__About this exercise__: The answer should contain all of the records below, each one copied word for word.

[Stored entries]
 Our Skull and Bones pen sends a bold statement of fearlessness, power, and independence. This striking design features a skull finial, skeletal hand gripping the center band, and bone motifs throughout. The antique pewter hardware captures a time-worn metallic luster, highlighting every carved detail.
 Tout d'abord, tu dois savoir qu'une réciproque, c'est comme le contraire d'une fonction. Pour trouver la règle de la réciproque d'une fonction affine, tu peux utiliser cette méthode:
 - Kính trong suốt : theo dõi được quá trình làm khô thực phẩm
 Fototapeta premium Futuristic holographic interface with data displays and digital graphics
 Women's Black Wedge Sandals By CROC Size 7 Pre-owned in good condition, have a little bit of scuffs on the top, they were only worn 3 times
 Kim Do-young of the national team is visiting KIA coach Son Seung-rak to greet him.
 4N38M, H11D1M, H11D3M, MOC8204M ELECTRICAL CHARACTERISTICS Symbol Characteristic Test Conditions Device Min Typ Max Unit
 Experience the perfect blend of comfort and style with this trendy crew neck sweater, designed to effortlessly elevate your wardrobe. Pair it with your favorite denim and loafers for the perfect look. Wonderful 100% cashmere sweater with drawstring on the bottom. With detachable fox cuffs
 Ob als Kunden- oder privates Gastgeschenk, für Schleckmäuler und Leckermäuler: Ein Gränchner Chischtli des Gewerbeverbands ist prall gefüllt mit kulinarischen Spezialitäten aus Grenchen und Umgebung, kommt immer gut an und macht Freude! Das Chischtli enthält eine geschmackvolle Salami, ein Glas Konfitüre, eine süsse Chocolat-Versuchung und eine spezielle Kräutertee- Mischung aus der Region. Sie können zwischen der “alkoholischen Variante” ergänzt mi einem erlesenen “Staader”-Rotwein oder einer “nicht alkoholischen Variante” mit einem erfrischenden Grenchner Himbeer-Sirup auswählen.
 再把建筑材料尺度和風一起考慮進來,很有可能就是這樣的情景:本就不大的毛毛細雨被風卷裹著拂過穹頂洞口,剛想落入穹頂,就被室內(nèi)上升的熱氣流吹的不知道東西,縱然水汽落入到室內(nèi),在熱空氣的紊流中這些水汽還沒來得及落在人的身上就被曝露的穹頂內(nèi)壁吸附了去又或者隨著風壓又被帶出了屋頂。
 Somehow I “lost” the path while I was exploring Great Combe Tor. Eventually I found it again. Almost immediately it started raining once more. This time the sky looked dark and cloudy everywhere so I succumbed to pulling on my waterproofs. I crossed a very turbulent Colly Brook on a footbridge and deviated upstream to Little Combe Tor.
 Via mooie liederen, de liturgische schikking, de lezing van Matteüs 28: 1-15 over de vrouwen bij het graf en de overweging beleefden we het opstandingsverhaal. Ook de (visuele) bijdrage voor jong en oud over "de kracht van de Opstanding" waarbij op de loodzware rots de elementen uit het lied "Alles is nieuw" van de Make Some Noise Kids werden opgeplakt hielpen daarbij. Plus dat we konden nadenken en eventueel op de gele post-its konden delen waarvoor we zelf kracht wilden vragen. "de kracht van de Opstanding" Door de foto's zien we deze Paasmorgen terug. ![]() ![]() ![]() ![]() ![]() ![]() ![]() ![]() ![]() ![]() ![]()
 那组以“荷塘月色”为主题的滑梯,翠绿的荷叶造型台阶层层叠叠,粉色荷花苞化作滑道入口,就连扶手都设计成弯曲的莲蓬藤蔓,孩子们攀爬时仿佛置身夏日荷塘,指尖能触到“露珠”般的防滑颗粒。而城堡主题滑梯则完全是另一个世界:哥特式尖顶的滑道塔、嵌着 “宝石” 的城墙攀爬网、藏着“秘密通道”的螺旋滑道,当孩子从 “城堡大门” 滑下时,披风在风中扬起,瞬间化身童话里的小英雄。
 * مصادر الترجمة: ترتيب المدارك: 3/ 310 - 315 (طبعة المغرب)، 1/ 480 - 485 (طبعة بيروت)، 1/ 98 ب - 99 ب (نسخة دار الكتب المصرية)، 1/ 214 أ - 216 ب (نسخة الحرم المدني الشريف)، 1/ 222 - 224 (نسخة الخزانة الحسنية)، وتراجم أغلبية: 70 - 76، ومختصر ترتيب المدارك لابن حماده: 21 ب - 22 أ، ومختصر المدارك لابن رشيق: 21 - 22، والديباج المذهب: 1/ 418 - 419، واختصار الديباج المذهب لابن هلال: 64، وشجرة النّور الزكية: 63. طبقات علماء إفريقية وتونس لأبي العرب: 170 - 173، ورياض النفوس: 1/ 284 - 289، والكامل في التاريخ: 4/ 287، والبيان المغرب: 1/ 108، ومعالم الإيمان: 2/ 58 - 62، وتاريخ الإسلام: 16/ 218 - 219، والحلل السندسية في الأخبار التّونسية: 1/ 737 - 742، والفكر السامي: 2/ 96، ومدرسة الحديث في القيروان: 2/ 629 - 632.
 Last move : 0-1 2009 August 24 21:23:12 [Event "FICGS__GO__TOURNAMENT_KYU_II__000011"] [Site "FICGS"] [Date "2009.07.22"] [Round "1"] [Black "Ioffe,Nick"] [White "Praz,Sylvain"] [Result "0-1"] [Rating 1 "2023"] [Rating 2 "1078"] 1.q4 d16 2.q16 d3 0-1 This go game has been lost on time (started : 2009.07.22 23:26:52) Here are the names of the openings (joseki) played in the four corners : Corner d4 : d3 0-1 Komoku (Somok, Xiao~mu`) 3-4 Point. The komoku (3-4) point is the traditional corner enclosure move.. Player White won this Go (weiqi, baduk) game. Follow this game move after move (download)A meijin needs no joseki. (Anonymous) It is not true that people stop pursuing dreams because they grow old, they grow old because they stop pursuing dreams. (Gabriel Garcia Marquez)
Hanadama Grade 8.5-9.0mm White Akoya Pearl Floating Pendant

__Answer to this exercise__:
 Our Skull and Bones pen sends a bold statement of fearlessness, power, and independence. This striking design features a skull finial, skeletal hand gripping the center band, and bone motifs throughout. The antique pewter hardware captures a time-worn metallic luster, highlighting every carved detail.
 Tout d'abord, tu dois savoir qu'une réciproque, c'est comme le contraire d'une fonction. Pour trouver la règle de la réciproque d'une fonction affine, tu peux utiliser cette méthode:
 - Kính trong suốt : theo dõi được quá trình làm khô thực phẩm
 Fototapeta premium Futuristic holographic interface with data displays and digital graphics
 Women's Black Wedge Sandals By CROC Size 7 Pre-owned in good condition, have a little bit of scuffs on the top, they were only worn 3 times
 Kim Do-young of the national team is visiting KIA coach Son Seung-rak to greet him.
 4N38M, H11D1M, H11D3M, MOC8204M ELECTRICAL CHARACTERISTICS Symbol Characteristic Test Conditions Device Min Typ Max Unit
 Experience the perfect blend of comfort and style with this trendy crew neck sweater, designed to effortlessly elevate your wardrobe. Pair it with your favorite denim and loafers for the perfect look. Wonderful 100% cashmere sweater with drawstring on the bottom. With detachable fox cuffs
 Ob als Kunden- oder privates Gastgeschenk, für Schleckmäuler und Leckermäuler: Ein Gränchner Chischtli des Gewerbeverbands ist prall gefüllt mit kulinarischen Spezialitäten aus Grenchen und Umgebung, kommt immer gut an und macht Freude! Das Chischtli enthält eine geschmackvolle Salami, ein Glas Konfitüre, eine süsse Chocolat-Versuchung und eine spezielle Kräutertee- Mischung aus der Region. Sie können zwischen der “alkoholischen Variante” ergänzt mi einem erlesenen “Staader”-Rotwein oder einer “nicht alkoholischen Variante” mit einem erfrischenden Grenchner Himbeer-Sirup auswählen.
 再把建筑材料尺度和風一起考慮進來,很有可能就是這樣的情景:本就不大的毛毛細雨被風卷裹著拂過穹頂洞口,剛想落入穹頂,就被室內(nèi)上升的熱氣流吹的不知道東西,縱然水汽落入到室內(nèi),在熱空氣的紊流中這些水汽還沒來得及落在人的身上就被曝露的穹頂內(nèi)壁吸附了去又或者隨著風壓又被帶出了屋頂。
 Somehow I “lost” the path while I was exploring Great Combe Tor. Eventually I found it again. Almost immediately it started raining once more. This time the sky looked dark and cloudy everywhere so I succumbed to pulling on my waterproofs. I crossed a very turbulent Colly Brook on a footbridge and deviated upstream to Little Combe Tor.
 Via mooie liederen, de liturgische schikking, de lezing van Matteüs 28: 1-15 over de vrouwen bij het graf en de overweging beleefden we het opstandingsverhaal. Ook de (visuele) bijdrage voor jong en oud over "de kracht van de Opstanding" waarbij op de loodzware rots de elementen uit het lied "Alles is nieuw" van de Make Some Noise Kids werden opgeplakt hielpen daarbij. Plus dat we konden nadenken en eventueel op de gele post-its konden delen waarvoor we zelf kracht wilden vragen. "de kracht van de Opstanding" Door de foto's zien we deze Paasmorgen terug. ![]() ![]() ![]() ![]() ![]() ![]() ![]() ![]() ![]() ![]() ![]()
 那组以“荷塘月色”为主题的滑梯,翠绿的荷叶造型台阶层层叠叠,粉色荷花苞化作滑道入口,就连扶手都设计成弯曲的莲蓬藤蔓,孩子们攀爬时仿佛置身夏日荷塘,指尖能触到“露珠”般的防滑颗粒。而城堡主题滑梯则完全是另一个世界:哥特式尖顶的滑道塔、嵌着 “宝石” 的城墙攀爬网、藏着“秘密通道”的螺旋滑道,当孩子从 “城堡大门” 滑下时,披风在风中扬起,瞬间化身童话里的小英雄。
 * مصادر الترجمة: ترتيب المدارك: 3/ 310 - 315 (طبعة المغرب)، 1/ 480 - 485 (طبعة بيروت)، 1/ 98 ب - 99 ب (نسخة دار الكتب المصرية)، 1/ 214 أ - 216 ب (نسخة الحرم المدني الشريف)، 1/ 222 - 224 (نسخة الخزانة الحسنية)، وتراجم أغلبية: 70 - 76، ومختصر ترتيب المدارك لابن حماده: 21 ب - 22 أ، ومختصر المدارك لابن رشيق: 21 - 22، والديباج المذهب: 1/ 418 - 419، واختصار الديباج المذهب لابن هلال: 64، وشجرة النّور الزكية: 63. طبقات علماء إفريقية وتونس لأبي العرب: 170 - 173، ورياض النفوس: 1/ 284 - 289، والكامل في التاريخ: 4/ 287، والبيان المغرب: 1/ 108، ومعالم الإيمان: 2/ 58 - 62، وتاريخ الإسلام: 16/ 218 - 219، والحلل السندسية في الأخبار التّونسية: 1/ 737 - 742، والفكر السامي: 2/ 96، ومدرسة الحديث في القيروان: 2/ 629 - 632.
 Last move : 0-1 2009 August 24 21:23:12 [Event "FICGS__GO__TOURNAMENT_KYU_II__000011"] [Site "FICGS"] [Date "2009.07.22"] [Round "1"] [Black "Ioffe,Nick"] [White "Praz,Sylvain"] [Result "0-1"] [Rating 1 "2023"] [Rating 2 "1078"] 1.q4 d16 2.q16 d3 0-1 This go game has been lost on time (started : 2009.07.22 23:26:52) Here are the names of the openings (joseki) played in the four corners : Corner d4 : d3 0-1 Komoku (Somok, Xiao~mu`) 3-4 Point. The komoku (3-4) point is the traditional corner enclosure move.. Player White won this Go (weiqi, baduk) game. Follow this game move after move (download)A meijin needs no joseki. (Anonymous) It is not true that people stop pursuing dreams because they grow old, they grow old because they stop pursuing dreams. (Gabriel Garcia Marquez)
Hanadama Grade 8.5-9.0mm White Akoya Pearl Floating Pendant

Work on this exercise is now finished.